Ein lachendes Gesicht schob sich in Ioros Gedanken. Die Frau aus Karapak, die ihn beherbergte. Die Frau, die das Leben in den Roten Zelten so viel besser fand als in Karapak. „Ich denke, ja”, sagte er langsam.

*

Seit vier Monden war jetzt Ruhe an der Grenze. Die karapakischen Truppen hatten sich zurückgezogen. Ioro rechnete nach. Gut sechsundzwanzig Tage benötigte eine Karawane mit einer Bahre, um von der Grenze aus die Hauptstadt zu erreichen. Die Feierlichkeiten für das Begräbnis dauerten gut einen Mond, ein weiterer Mond würde verstrichen sein, bis der neue König offiziell gekrönt war. Dann noch die übliche Zeit, bis sich Verwaltung und Finanzen konsolidiert hatten und alle notwendigen Verwaltungsposten ausgetauscht worden waren. Und dann würde der Krieg von Neuem beginnen.

Er war sich dessen absolut sicher. Tolioro würde nicht aufgeben. Nicht, solange er vermutete, dass sein Bruder Ioro noch lebte.

Die Wüstenstämme würden vielleicht noch zwei oder drei Monde Atempause bekommen. Höchstens. Und wenn sie eine Chance haben sollten, die nächste Phase des Krieges zu überleben, mussten sie auf ihn hören.

Er hatte mit dem Schamanen gesprochen. „Vergiss es”, hatte der gesagt. „Sie werden auf keinen Fremden hören.”

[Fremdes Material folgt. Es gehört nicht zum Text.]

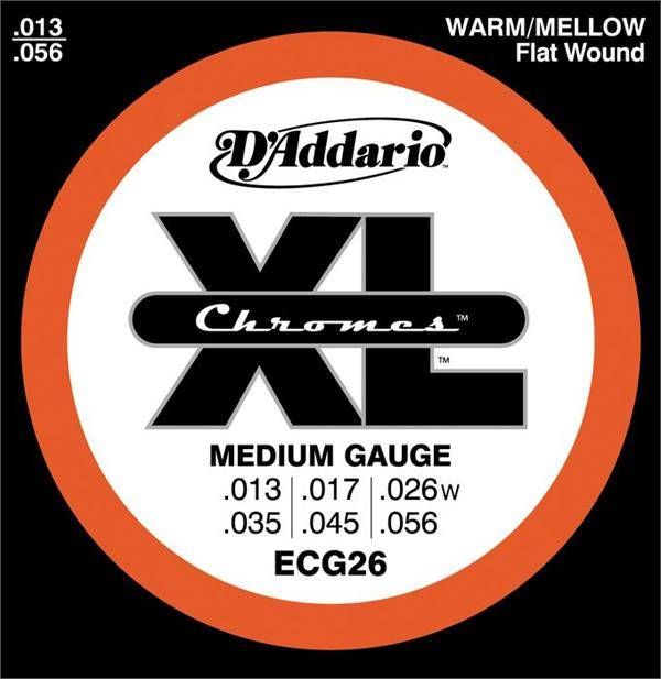 ECG26 is D'Addario's heaviest gauge of flat wounds. This set delivers smooth feel, warm/mellow tone and maximum tension. XL Chromes are noted for their smooth feel and warm, mellow tone, essential to the sound and style of many jazz, blues, and rock players.
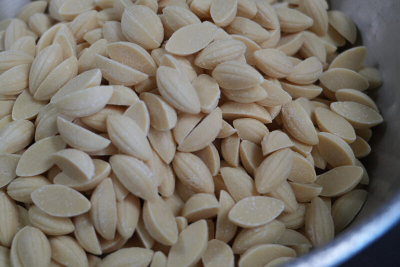 オーガニック・フェアトレードカカオの活動をしている「KAOKA」のカカオ分35%ホワイトチョコレートを餡と羊羮に使いました。

Dann gab es nur eine Lösung. Er selbst musste zu einem Wüstenkrieger werden.

*

„Bist du sicher?”, fragte der Schamane.

„Ich lebe in euren Zelten. Eine eurer Frauen kocht mir mein Essen und wärmt mein Lager in der Nacht. Eines eurer Kinder lacht, wenn es mich sieht. Ja, ich bin sicher.”

„Gut.” Der Schamane wirkte sichtlich zufrieden. „Aber wenn du einer von uns werden willst, dann musst du dich als Krieger beweisen.”

„Ich führe seit Jahren das karapakische Heer an”, knurrte Ioro. „Sollte das nicht reichen?”

„In Karapak belohnen sie Abstammung mit Titeln.” Der Schamane sah ihn nicht an. „Bei uns musst du beweisen, was du kannst.”

Einen winzigen Moment lang war Ioro versucht, einfach aufzustehen und das Zelt des Schamanen zu verlassen. Aber dann sah er wieder das lachende Gesicht des Jungen vor sich. „Sag mir, was ich tun muss.”

*

Die Frau lächelte breit, als Ioro von dem Zelt des Schamanen zurückkehrte. War sie glücklich, dass er sich entschieden hatte, bei ihr zu bleiben? Ioro wusste es nicht. Er wusste immer noch so vieles nicht.

Im Zelt duftete es nach Karass und Ziegenfleisch. Die Frau gab eine ordentliche Portion von dem Eintopf in eine Schale und reichte sie ihm. Er musterte ihre Züge. Ein wenig grob waren sie, nicht so fein wie die der Palastdamen, die Züge einer Bäuerin eben. Aber sie strahlte Wärme aus. Etwas, was er nicht einmal bei seiner Mutter gespürt hatte. „Wie heißt du überhaupt?”, fragte er.

Ihr Lächeln wurde breiter. „Ich dachte schon, du fragst mich nie!” Sie setzte sich ihm gegenüber. „Mein Name ist Sua.”

„Sua”, wiederholte Ioro. „Ich habe dich nie gefragt, Sua, warum du mich in dein Zelt aufgenommen hast. Hat man es dir befohlen?”

„Nein.” Sie wurde ernst. „Niemand befiehlt hier einer Frau, wen sie in ihr Zelt holt. Und es gibt leere Zelte, für Gäste. Eigentlich wollten die Krieger dich in ein Gästezelt stecken. Aber als ich dich gesehen habe … Sagen wir mal, du siehst nicht schlecht aus, mein Zelt hatte schon einige Zeit keinen Mann mehr gesehen, und ich hatte einfach wieder Lust, ein wenig meine alte Heimatsprache zu hören.”

Eine Weile schwiegen sie beide, und Ioro löffelte sein Essen.

„Wenn du willst, kannst du in meinem Zelt bleiben”, sagte sie dann.

„Hätte ich Alternativen?”

„Sobald du einer von uns bist”, bestätigte sie. „Du könntest in das Zelt der ledigen Männer gehen. Oder zu dem Schamanen. Ich habe gehört, er würde dich gerne ausbilden.”

Ioro schauderte. Unter all diesen Zauberdingen zu wohnen … „Ich bleibe lieber hier.”

Ihr Lächeln erschien wieder. Sie wirkte beinahe schön.

*

Chirgot überlegte düster, wem er zuerst die Kehle durchschneiden sollte: dem Schamanen oder dem Karapakier Ioro. Vermutlich dem Schamanen. Nur der konnte die beschissene Idee gehabt haben, den Karapakier in die Roten Zelte adoptieren zu wollen.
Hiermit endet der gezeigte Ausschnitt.